## [Exercise data]
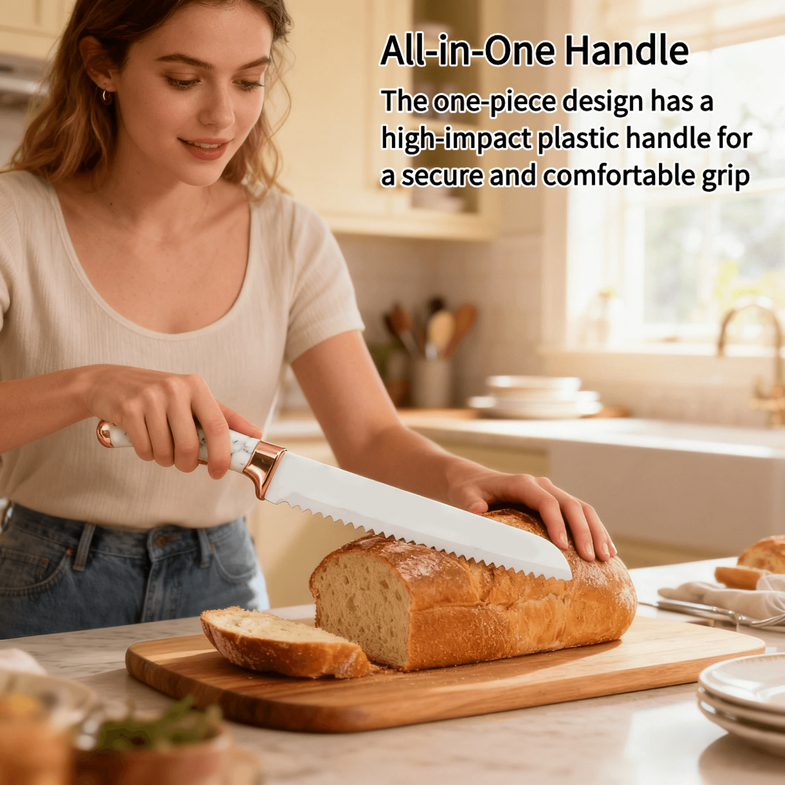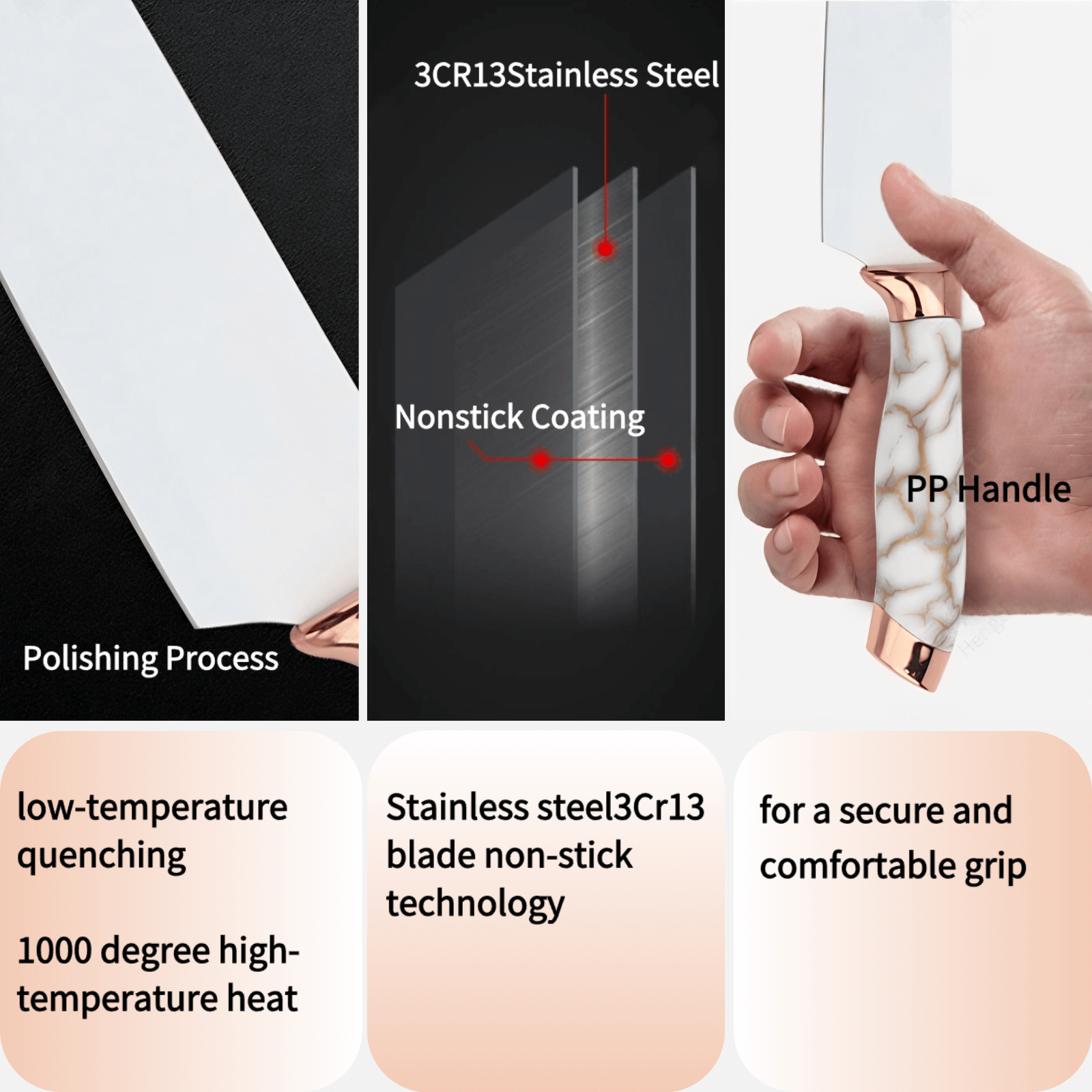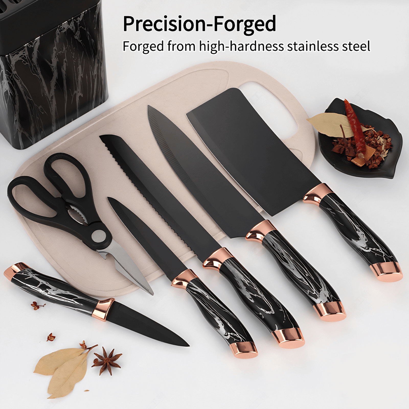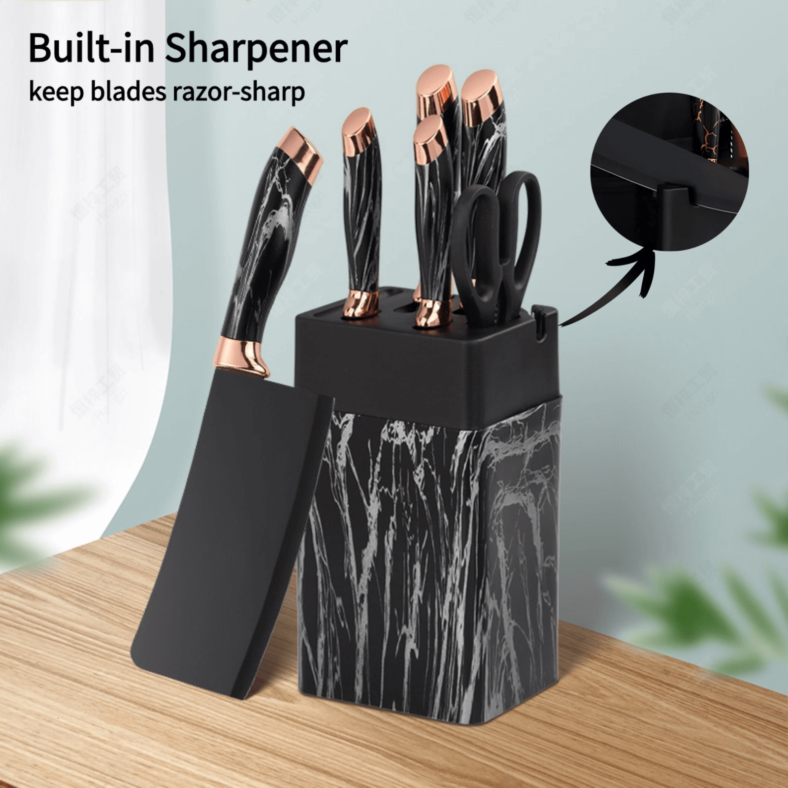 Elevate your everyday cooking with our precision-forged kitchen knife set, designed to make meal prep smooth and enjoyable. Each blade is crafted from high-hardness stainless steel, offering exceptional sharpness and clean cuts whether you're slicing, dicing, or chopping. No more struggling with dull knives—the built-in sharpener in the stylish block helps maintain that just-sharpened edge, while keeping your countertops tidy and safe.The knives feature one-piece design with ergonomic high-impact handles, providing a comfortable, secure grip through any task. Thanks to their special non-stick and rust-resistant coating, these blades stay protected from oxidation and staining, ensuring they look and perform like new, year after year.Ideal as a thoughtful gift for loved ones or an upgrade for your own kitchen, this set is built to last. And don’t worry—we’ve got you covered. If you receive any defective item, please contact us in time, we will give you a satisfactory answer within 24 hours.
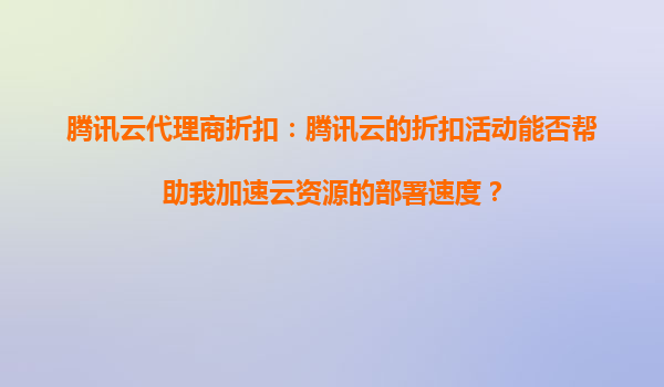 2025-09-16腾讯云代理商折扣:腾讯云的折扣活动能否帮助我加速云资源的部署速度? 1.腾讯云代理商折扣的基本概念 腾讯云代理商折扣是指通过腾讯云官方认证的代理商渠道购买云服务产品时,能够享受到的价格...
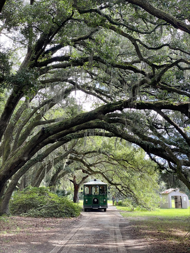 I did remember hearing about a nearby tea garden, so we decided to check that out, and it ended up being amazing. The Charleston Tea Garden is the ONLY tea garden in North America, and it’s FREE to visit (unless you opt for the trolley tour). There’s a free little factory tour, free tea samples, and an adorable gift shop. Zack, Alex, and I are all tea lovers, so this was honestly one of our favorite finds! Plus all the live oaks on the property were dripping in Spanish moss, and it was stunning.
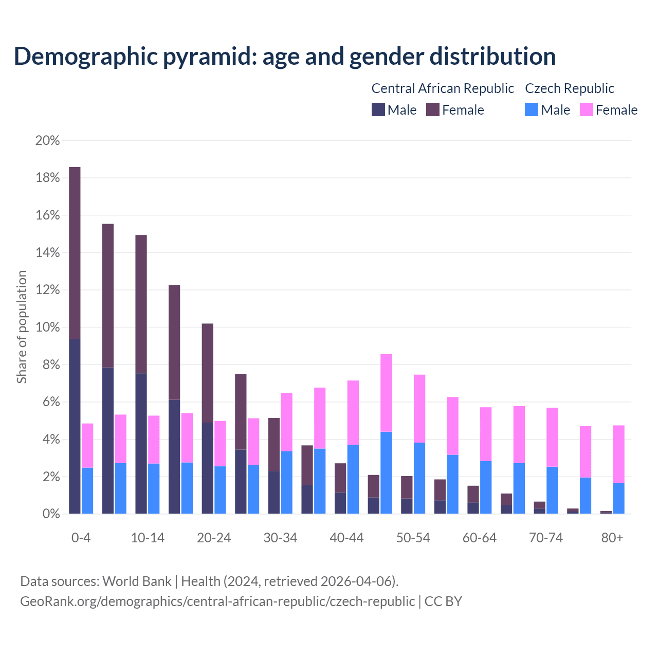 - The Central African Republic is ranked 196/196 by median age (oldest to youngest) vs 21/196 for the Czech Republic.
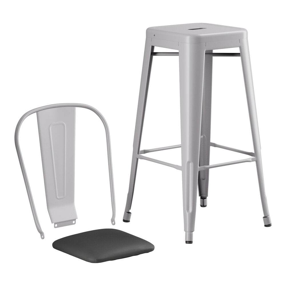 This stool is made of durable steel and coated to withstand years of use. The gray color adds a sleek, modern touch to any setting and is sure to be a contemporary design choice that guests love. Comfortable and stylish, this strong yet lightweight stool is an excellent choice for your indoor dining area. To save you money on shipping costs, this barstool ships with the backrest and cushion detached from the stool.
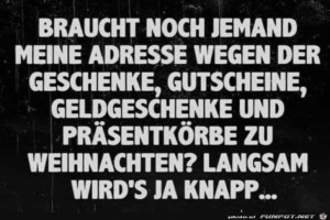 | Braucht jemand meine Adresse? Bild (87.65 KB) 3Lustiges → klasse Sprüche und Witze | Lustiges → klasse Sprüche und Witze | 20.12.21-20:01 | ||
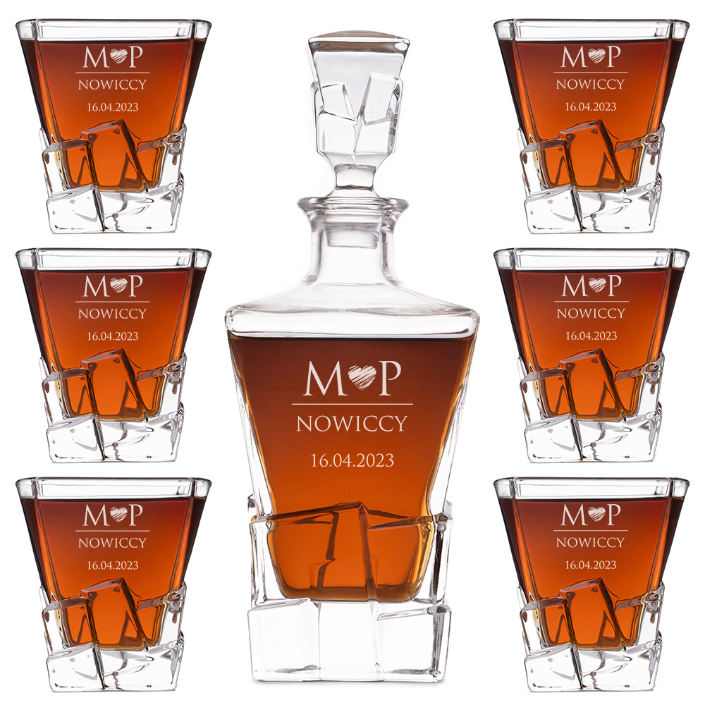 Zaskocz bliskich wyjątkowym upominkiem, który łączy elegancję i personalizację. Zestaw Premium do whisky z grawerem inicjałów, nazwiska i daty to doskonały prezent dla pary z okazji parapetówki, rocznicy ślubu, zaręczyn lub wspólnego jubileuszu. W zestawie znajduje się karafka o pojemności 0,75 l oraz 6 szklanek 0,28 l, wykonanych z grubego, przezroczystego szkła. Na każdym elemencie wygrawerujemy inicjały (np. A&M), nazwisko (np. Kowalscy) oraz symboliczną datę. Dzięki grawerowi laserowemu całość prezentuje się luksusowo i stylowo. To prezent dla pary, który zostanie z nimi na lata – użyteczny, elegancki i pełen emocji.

## [Action item]
Nothing but the pictures is to be left out; repeat the data exactly.

## [Answer to the problem]
 Elevate your everyday cooking with our precision-forged kitchen knife set, designed to make meal prep smooth and enjoyable. Each blade is crafted from high-hardness stainless steel, offering exceptional sharpness and clean cuts whether you're slicing, dicing, or chopping. No more struggling with dull knives—the built-in sharpener in the stylish block helps maintain that just-sharpened edge, while keeping your countertops tidy and safe.The knives feature one-piece design with ergonomic high-impact handles, providing a comfortable, secure grip through any task. Thanks to their special non-stick and rust-resistant coating, these blades stay protected from oxidation and staining, ensuring they look and perform like new, year after year.Ideal as a thoughtful gift for loved ones or an upgrade for your own kitchen, this set is built to last. And don’t worry—we’ve got you covered. If you receive any defective item, please contact us in time, we will give you a satisfactory answer within 24 hours.
 2025-09-16腾讯云代理商折扣:腾讯云的折扣活动能否帮助我加速云资源的部署速度? 1.腾讯云代理商折扣的基本概念 腾讯云代理商折扣是指通过腾讯云官方认证的代理商渠道购买云服务产品时,能够享受到的价格...
 I did remember hearing about a nearby tea garden, so we decided to check that out, and it ended up being amazing. The Charleston Tea Garden is the ONLY tea garden in North America, and it’s FREE to visit (unless you opt for the trolley tour). There’s a free little factory tour, free tea samples, and an adorable gift shop. Zack, Alex, and I are all tea lovers, so this was honestly one of our favorite finds! Plus all the live oaks on the property were dripping in Spanish moss, and it was stunning.
 - The Central African Republic is ranked 196/196 by median age (oldest to youngest) vs 21/196 for the Czech Republic.
 This stool is made of durable steel and coated to withstand years of use. The gray color adds a sleek, modern touch to any setting and is sure to be a contemporary design choice that guests love. Comfortable and stylish, this strong yet lightweight stool is an excellent choice for your indoor dining area. To save you money on shipping costs, this barstool ships with the backrest and cushion detached from the stool.
 | Braucht jemand meine Adresse? Bild (87.65 KB) 3Lustiges → klasse Sprüche und Witze | Lustiges → klasse Sprüche und Witze | 20.12.21-20:01 | ||
 Zaskocz bliskich wyjątkowym upominkiem, który łączy elegancję i personalizację. Zestaw Premium do whisky z grawerem inicjałów, nazwiska i daty to doskonały prezent dla pary z okazji parapetówki, rocznicy ślubu, zaręczyn lub wspólnego jubileuszu. W zestawie znajduje się karafka o pojemności 0,75 l oraz 6 szklanek 0,28 l, wykonanych z grubego, przezroczystego szkła. Na każdym elemencie wygrawerujemy inicjały (np. A&M), nazwisko (np. Kowalscy) oraz symboliczną datę. Dzięki grawerowi laserowemu całość prezentuje się luksusowo i stylowo. To prezent dla pary, który zostanie z nimi na lata – użyteczny, elegancki i pełen emocji.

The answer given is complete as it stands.